The 1.6 km flyover has been planned from near the GMCH-32 roundabout to the railway overbridge on the Dakshin Marg, passing over the Tribune Chowk. To ease traffic at the Tribune Chowk, which sees a huge traffic of more than 1.43 lakh vehicles daily, including 1.35 lakh passenger car units (PCUs), the then UT Administrator VP Singh Badnore laid the foundation stone of the Rs 184 crore project on March 3, 2019.

On a petition filed by the Run Club, the Punjab and Haryana High Court on November 20, 2019, had stayed the move of the UT Administration to cut 700 trees on both sides of the Dakshin Marg and the Purv Marg to pave the way for the construction of the flyover connecting Zirakpur and Tribune Chowk, along with the construction process.

On May 1, the Punjab and Haryana High Court vacated the stay on the cutting of trees for the project.

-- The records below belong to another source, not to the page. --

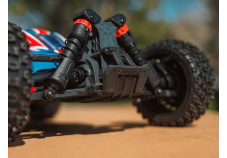 The ARRMA C-ARA4206V4T3 1/8 scale brushed 4WD buggy with overload coupler and adjustable suspension is built to dominate off-road environments. Its independent suspension system features oil-filled coilover shocks that absorb impacts and maintain stability across uneven surfaces. The adjustable ride height lets you fine-tune ground clearance for different bashing conditions. The overload coupler replaces the traditional slipper clutch, offering a maintenance-free solution that protects the transmission from excessive torque. These features ensure the ARRMA C-ARA4206V4T3 performs reliably across dirt tracks, gravel paths, and backyard ramps.
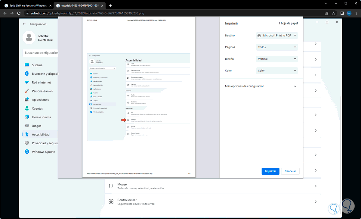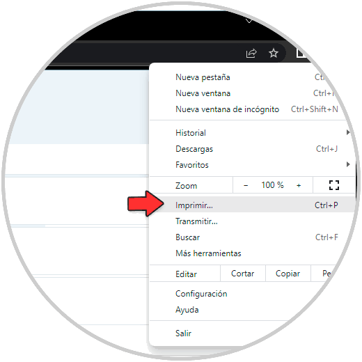 La imagen se abrirá en otra pestaña del navegador, vamos al menú del navegador y luego seleccionamos "Imprimir":
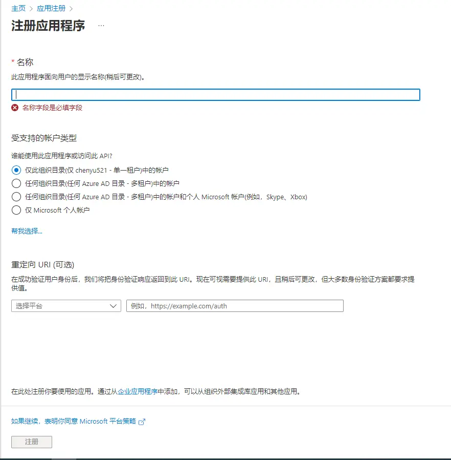 2.1 在Azure平台完成应用注册
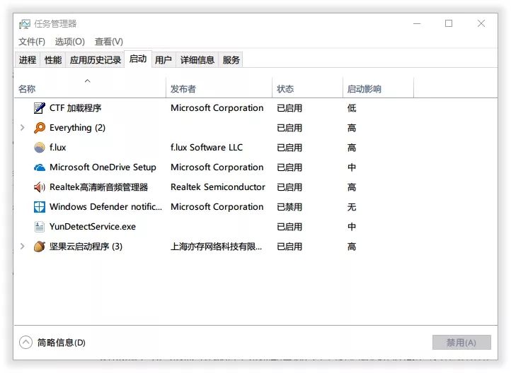 如果属于非 Windows 10 系统打开任务管理器,依次使用 Win+R 组合键打开运行框,输入 msconfig 后将打开系统配置的窗口,切换启动标签页,即可对系统启动项进行管理。
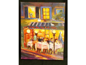 This beautiful 9"x12" acrylic painting by Elana Kuperstein Rosen of Cincinnati is a lively scene of a European café at night. The warm, inviting colors contrast with cool blue tones and evoke a slice of life in Paris. Ms. Rosen is a former graphic designer and substitute art teacher. She is available for art instruction and commissions.
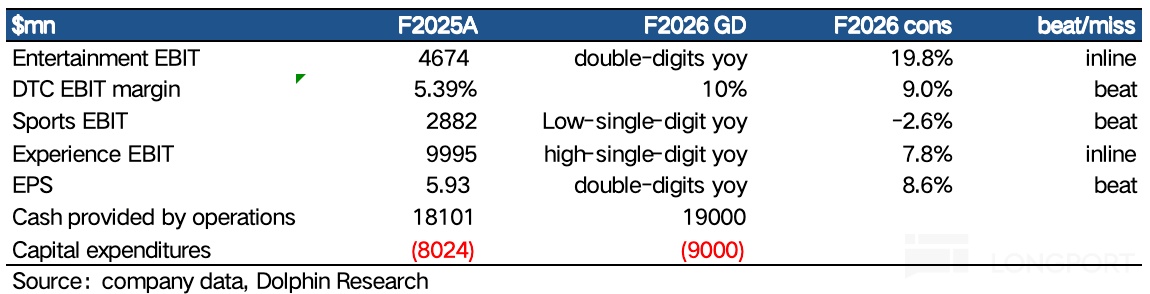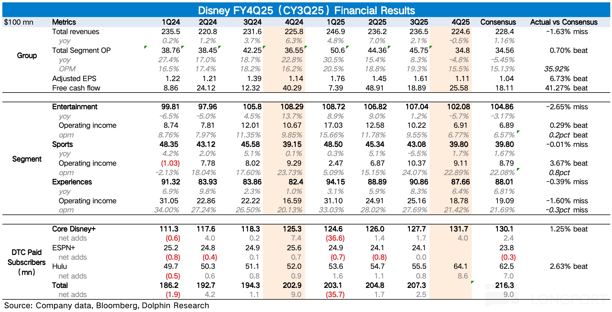 $迪士尼(DIS.US) 美东时间 11 月 12 日美股盘前发布了 2025 财年第四季度(CY25Q3)业绩。三季度业绩表现整体看小幅不及预期,收入承压,尤其是业绩贡献最大的主题公园,滞后的竞争影响还是显现了。虽然公司盈利略优,并坚持此前相对积极的 2026 年指引不做调整,但市场似乎信心不足。
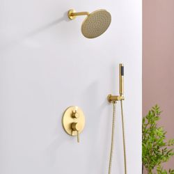 Shower System Gold Shower Faucet Set, 8" Rain Shower Head and Handheld Spray Combo, Round Shower Head and Handle Set (Valve Included), Brushed Gold$95Katy, TX

The Bench ruled that the stay granted on November 20, 2019, had set Chandigarh back by a decade. The city was conceptualised in 1950 and could not continue to remain the same. Development was an ever-going process. The town was planned for 5 lakh people. But today “we are dealing with the tricity, which is now bounded by Panchkula, Mohali and New Chandigarh, having a population of over 15 lakh”.